Утром на улице я нашел несколько «ежиков» смертельные инсталляции из перехваченных холодной сваркой гвоздей. Сколько раз я желал смерти этим детям, и вот свершилось.
…Первый раз он подошел ко мне в «Сиреневом тумане», есть у нас такой сарай без окон, сколоченный из голубой пластмассы. Февраль, на улице вьюга и минус двадцать.
– Извините. Прошу прощения, – он сел напротив, – давайте я вам ебальник разобью.
– Зачем?..
– Ну не знаю, вы так тихо сидите, никого не трогаете.
Неподалеку, облепив столик со всех сторон, пили пиво бабы в шубах и лосинах. Они смотрели на нас. Я удивился – маленький, похожий на умную мышь, вылитый Микки Маус. Стало смешно.
– Эксзимуа, – отвечаю, – боюсь, у вас не получится.
– Да? Тогда будем танцевать!
Из колонок громыхнула заводная мелодия, он вскочил, стал отжигать тот самый африканский рок-н-ролл, призывно тыкая пахом в сторону баб в лосинах. Бабы заржали. Заткнулась музыка, он перевернул им столик, они вынесли его на руках на улицу, помню, как тихо стало в сарае.
Первый раз в жизни пошел в отпуск летом. Обычно я предпочитаю быть на работе в густой тени железобетонных стен, и где функционирует кондиционер.
Яркий, оранжевый, раскаленный пятак на небе сводит с ума. После десяти утра на улице невозможно находиться. Этим летом с «Радио рокс» исчезли все пиздаболы ди-джеи, алкоголь с восьми утра, и на рекламных панелях по всему городу, светилась умилением и приглашала в магазины «Дикси», морда омерзительной старухи. Ну и реклама, о чем только думают?

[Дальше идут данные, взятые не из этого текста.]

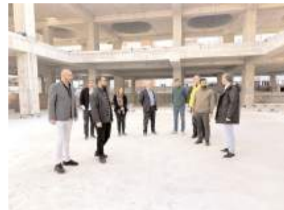
Yüzde 70 seviyesine gelen projenin 280 günde tamamlanması hedefleniyor.

■ Daha önce 'Çorumlu'nun Yaptığını Herkes Yapamaz' sloganı ile 'Marka Şehir' projesi kapsamında iki kısa film ile adından söz ettiren Çorum, şimdi de 26 Ekim Perşembe günü saat 19.19'da sosyal medyada gösterime girecek 'Çorumlu'nun Yaptığını Herkes Yapamaz' kısa film üçlemesinin sonuncusu ile final yapmaya hazırlanıyor. * HABERİ 5'TE

Он узнал меня возле кас в «Универсаме».
– Я буду звать тебя Бимбо!
Идиот, думаю, если б сейчас была осень или зима, я бы послал его подальше, обычно мне не нужны собутыльники, я прекрасно общаюсь сам с собой, спорю, доказываю, соглашаюсь. Но в июльскую, блядскую погоду, короче и так все плохо, почему бы и нет. Еще подумал, как бы его обозвать.
– Ты куда?
– Да никуда…
У него на футболке лозунг на немецком языке, готической вязью, я спросил, что это значит?
– «Войну мы проиграли, но жизнь удалась»
– Красиво…
На Пятаке у ворот «Универсама» многолюдно – центр деловой активности штата Всеволожск, последние прайсы на героин и пизженые телефоны.
– Куда пойдем? – он открыл свою бутылку.
– Есть одна скамеечка, вон за большими домами из розового кирпича, там тихо и никогда никого нет.
– Не может быть! Обычно только присядешь в парке, обязательно доебется какой-нибудь веселый пьяница.
– Или протопает чурбан на каблуках…
– Предлагаю нажраться.
– Сегодня? Что ж, с превеликим…
Рулон денег в кармане мои отпускные не уменьшался. С самого первого дня отпуска я таскаю все деньги с собой, лень было откладывать, пересчитывать по любому итак все пропью.
Теперь почти каждое утро, где-нибудь у «Пирамиды» или на перекрестке где «Пятерочка», слышу:
– Бимбо!
– О, Крыса…
– Почему Крыса?
– Ну, ладно – Мики.
– Ники?
– Да, не – Мики, как Микки Мауса.
Начинал всегда он, как будто продолжал прерванный вчера разговор. Война, война, все наши разговоры только о войне. Ему почему-то нравилась эта тема.
– И дело не в этих вечных мировых кризисах, и не потому, что мир раскололся на черное и белое, просто народу стало дохуя. Тесно. Посмотри, чего творится…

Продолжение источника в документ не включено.